No surprise, then, that models made by Chinese manufacturers are proving more popular in the country.

But Tesla is getting ready to start delivering its own affordable car, in the shape of the Model 3, as soon as this summer. With the new vehicle set to cost $35,000, it could be rather more competitive with Chinese-built models than its current offerings—if it doesn’t attract that pesky 25 percent tax.

Tesla is not the only American company that's recently tried to set up shop overseas in order to crack foreign markets. Apple is increasingly finding a market in India, but its penetration remains limited because it isn’t allowed to open stores in the country unless it buys manufacturing materials from Indian vendors. At the moment, it doesn’t, so Apple is looking to set up a manufacturing plant in India, which would satisfy the restriction—but the country’s government is still trying to quantify Apple’s commitment to its economy.

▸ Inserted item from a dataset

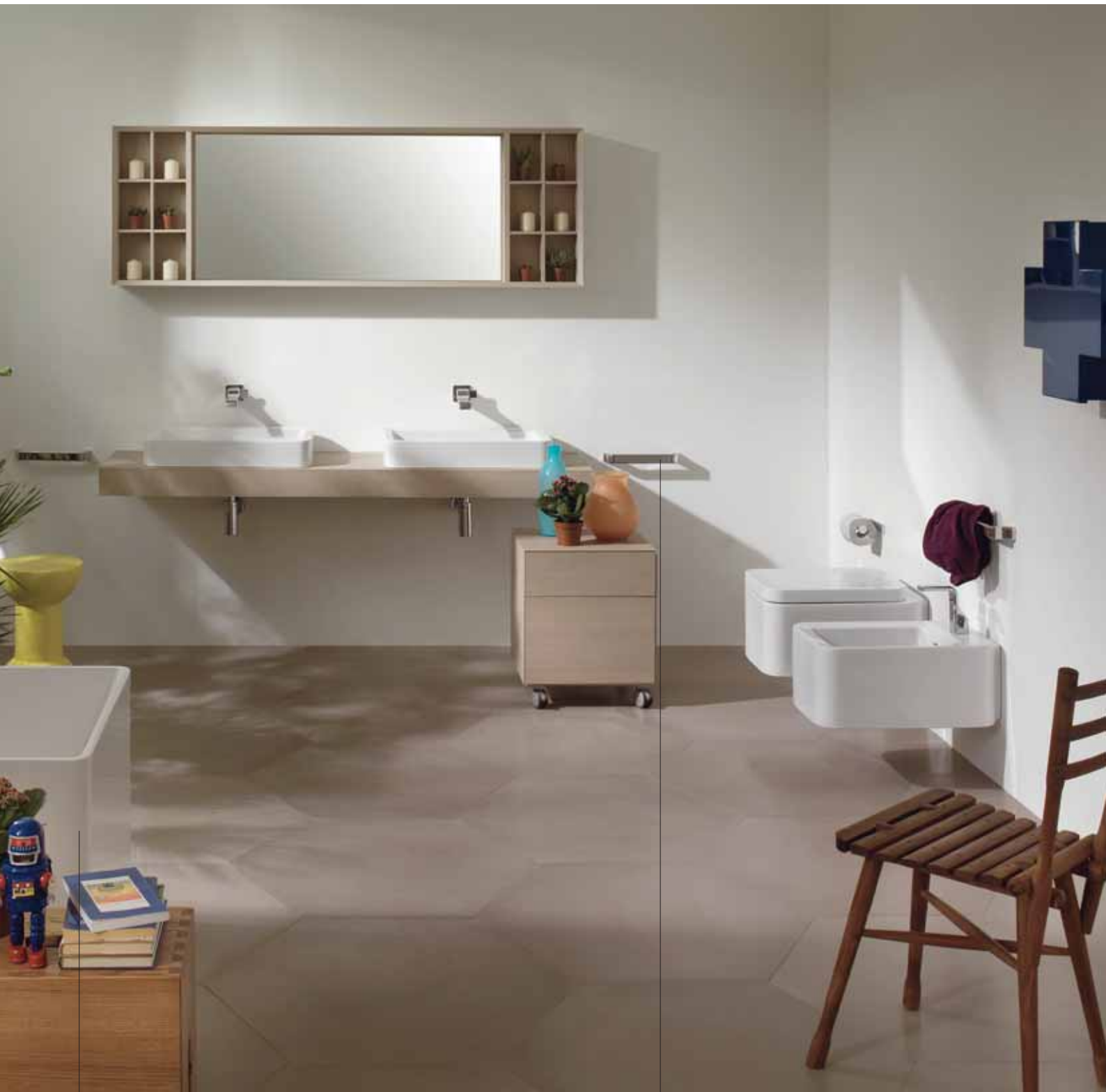
Wash p. 212

Ultimately, both Apple and Tesla will have to satisfy whatever whims are laid down by the governments they are working with—and they will invariably be fiscal. But one nonfinancial question does loom over a Chinese Tesla factory. Working conditions in the Asian nation are notoriously troubling, but they’re reported to be pretty brutal in the automaker’s plant in Fremont, California, too. What will a combination of the two be like, exactly?